• _Your assignment_:
Return the material below exactly, but only from the line with "原标题:42.6度高温刷新纪录!#巴黎市民吐槽地铁没空调#:热得快要窒息了" through the line with "这款鞋子是AAAAA 1:1 质量", and without its pictures.

• _Records supplied_:

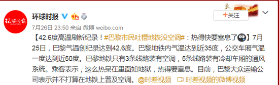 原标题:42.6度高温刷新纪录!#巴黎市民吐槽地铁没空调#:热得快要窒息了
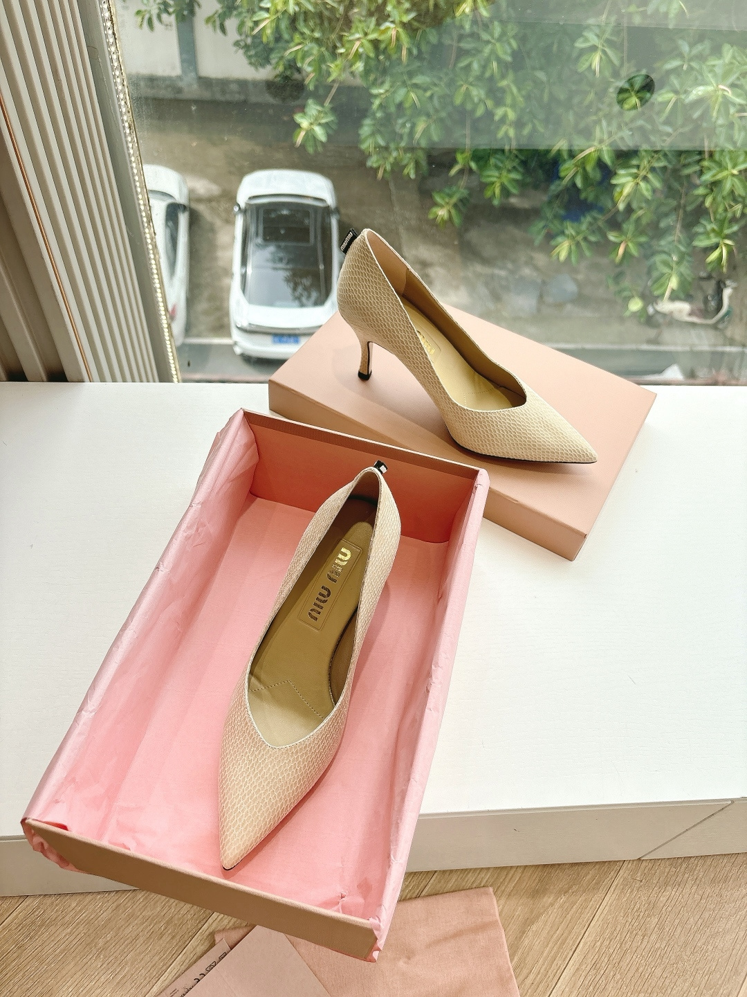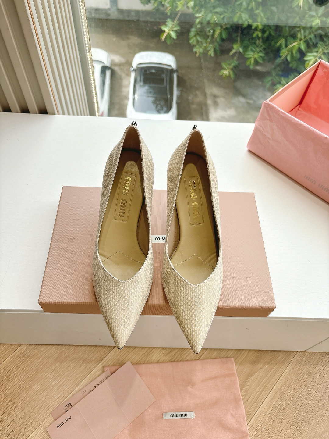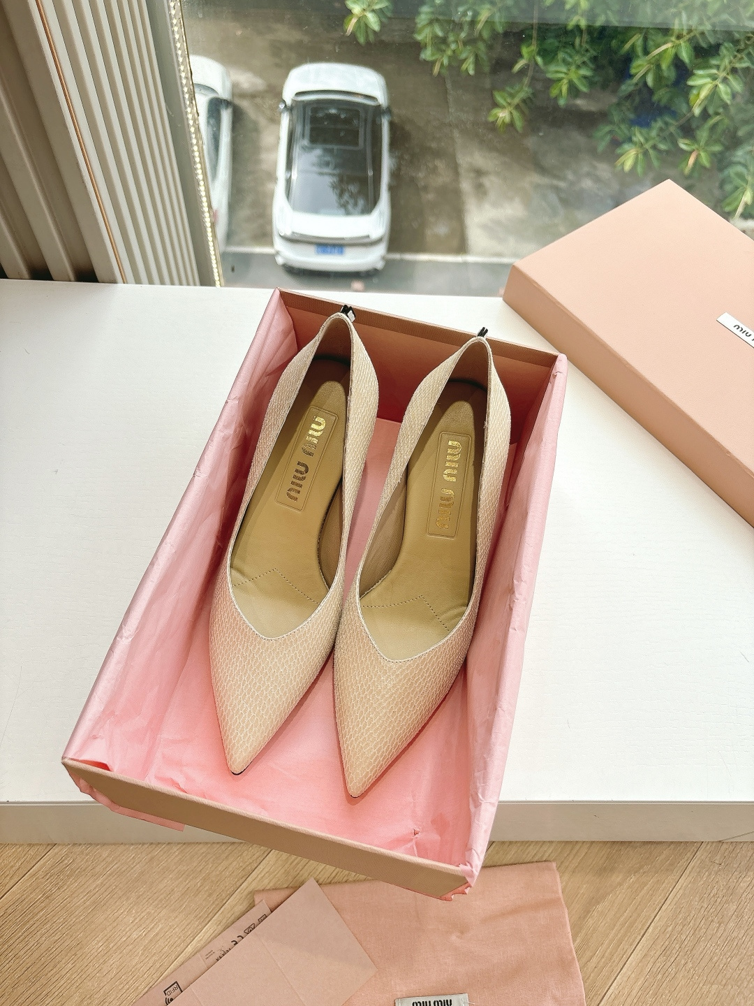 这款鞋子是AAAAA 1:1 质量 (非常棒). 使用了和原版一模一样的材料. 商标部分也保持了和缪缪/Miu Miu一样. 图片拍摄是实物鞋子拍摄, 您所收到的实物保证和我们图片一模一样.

==

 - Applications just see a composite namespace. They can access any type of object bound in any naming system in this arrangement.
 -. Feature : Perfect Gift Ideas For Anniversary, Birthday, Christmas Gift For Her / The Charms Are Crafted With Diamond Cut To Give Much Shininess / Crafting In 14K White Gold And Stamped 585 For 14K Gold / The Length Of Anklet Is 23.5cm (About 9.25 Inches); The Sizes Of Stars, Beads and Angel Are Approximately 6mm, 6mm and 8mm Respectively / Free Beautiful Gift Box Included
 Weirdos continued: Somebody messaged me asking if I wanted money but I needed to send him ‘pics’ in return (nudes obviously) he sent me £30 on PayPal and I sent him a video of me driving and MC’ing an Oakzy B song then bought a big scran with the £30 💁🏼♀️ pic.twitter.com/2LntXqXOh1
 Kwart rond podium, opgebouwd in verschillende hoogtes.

• _Final answer_:
 原标题:42.6度高温刷新纪录!#巴黎市民吐槽地铁没空调#:热得快要窒息了
 这款鞋子是AAAAA 1:1 质量 (非常棒). 使用了和原版一模一样的材料. 商标部分也保持了和缪缪/Miu Miu一样. 图片拍摄是实物鞋子拍摄, 您所收到的实物保证和我们图片一模一样.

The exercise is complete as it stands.